Age of Majority - The two year limitation period does not begin to run until the plaintiff is an adult. In Kentucky, age 18 is considered the legal age of majority. Therefore, a plaintiff can file an auto negligence lawsuit any time on or before his or her 20th birthday, regardless of how much time has passed since the auto accident.

  • Example: On January 1, 2017, vehicle 1 negligently crashes his vehicle into a vehicle driven by Jane Doe. Doe's 2-year-old daughter, Baby Doe, was in a car seat in the rear of the vehicle and was injured. Baby Doe's birthday is March 1, 2015. Baby Doe's statute of limitations does not run until her 20th birthday - March 1, 2035.

Mental Disability - The two year limitation period does not begin to run against a person who is mentally disabled until the disability is lifted. This scenario could happen where traumatic brain injury has occurred, or where a plaintiff was rendered unconscious due to surgery or coma. In other instances, individuals with permanent intellectual disabilities may have an indefinite period in which to file a medical malpractice claim.

  • Example: On January 1, 2020, vehicle 1 negligently crashes his vehicle into a vehicle driven by George Smith. Smith's adult son, David, was riding as a passenger and was injured. David has had severe intellectual disabilities since birth. David's statute of limitations will expire two years after his death, regardless of how many years pass.

Wrongful Death - When damages are sought for an auto accident that caused the death of another, the personal representative of the deceased party has one year to file a wrongful death lawsuit after being appointed to serve by the probate court. If no representative has been appointed within one year of death, the limitation period automatically begins to run, and the personal representative one year from the anniversary date to file the lawsuit.

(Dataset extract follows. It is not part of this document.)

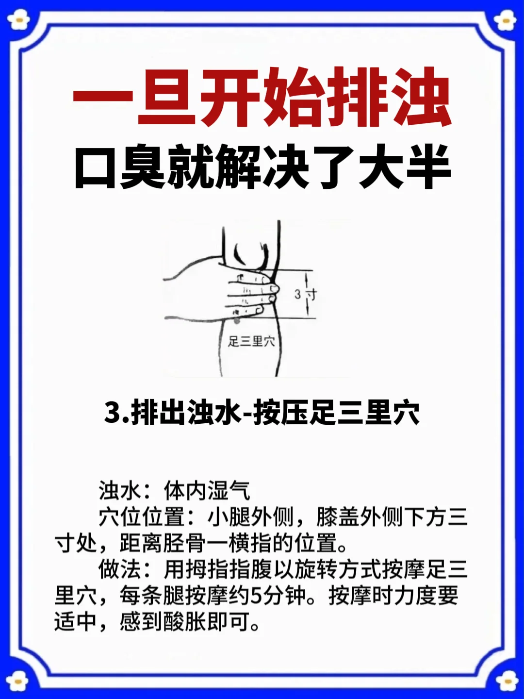 做法:用拇指指腹以旋转方式按摩足三里穴,每条腿按摩约5分钟。按摩时力度要适中,感到酸胀即可。
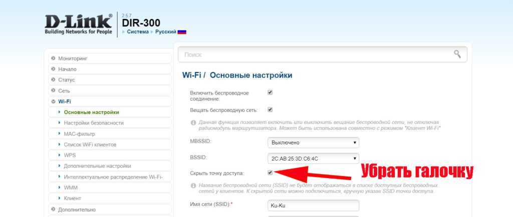Имейте ввиду SSID (название сети) должен быть написан на английском языке. И не вздумайте поставить галочку «Скрыть SSID», ваш гаджет этого может не понять.

  • Example: On January 1, 2022, vehicle 1 negligently crashes his vehicle into a vehicle driven by John Doe. Doe dies as a result of injuries sustained in the accident. Doe's family opens an estate on July 1, 2022. Doe's estate has until July 1, 2023 to file a lawsuit against the driver of vehicle 1.

Loss of Consortium - Critically, the two year statute of limitation does not apply to some other claims that may be associated with the auto accident. For example, a spouse, parent, or minor child seeking damages for loss of consortium arising out of the same event must file suit within one year of the accident.

  • Example: On January 1, 2022, vehicle 1 negligently crashes his vehicle into a vehicle driven by John Doe. Doe dies as a result of injuries sustained in the accident. Doe's wife has until January 1, 2023 to file a lawsuit against the driver of vehicle 1 for her loss of consortium. *Note: this cutoff date will occur before the Estate's cutoff date.
  • Example 2: On January 1, 2022, vehicle 1 negligently crashes his vehicle into a vehicle driven by John Doe. Doe dies as a result of injuries sustained in the accident. Doe's 5 year old son has until his 19th birthday to file a lawsuit for his loss of parental consortium.

Application of Kentucky's auto accident statute of limitations to your case.

You should take limited comfort in any statute of limitation exception that might apply to your case. Each case is unique and courts will carefully consider the particular facts of your case before granting an exception. Remember, the general rule is two years. A plaintiff who files a lawsuit after the two year anniversary of either the accident or last PIP payment should expect a battle on the issue of whether the case should be allowed to proceed.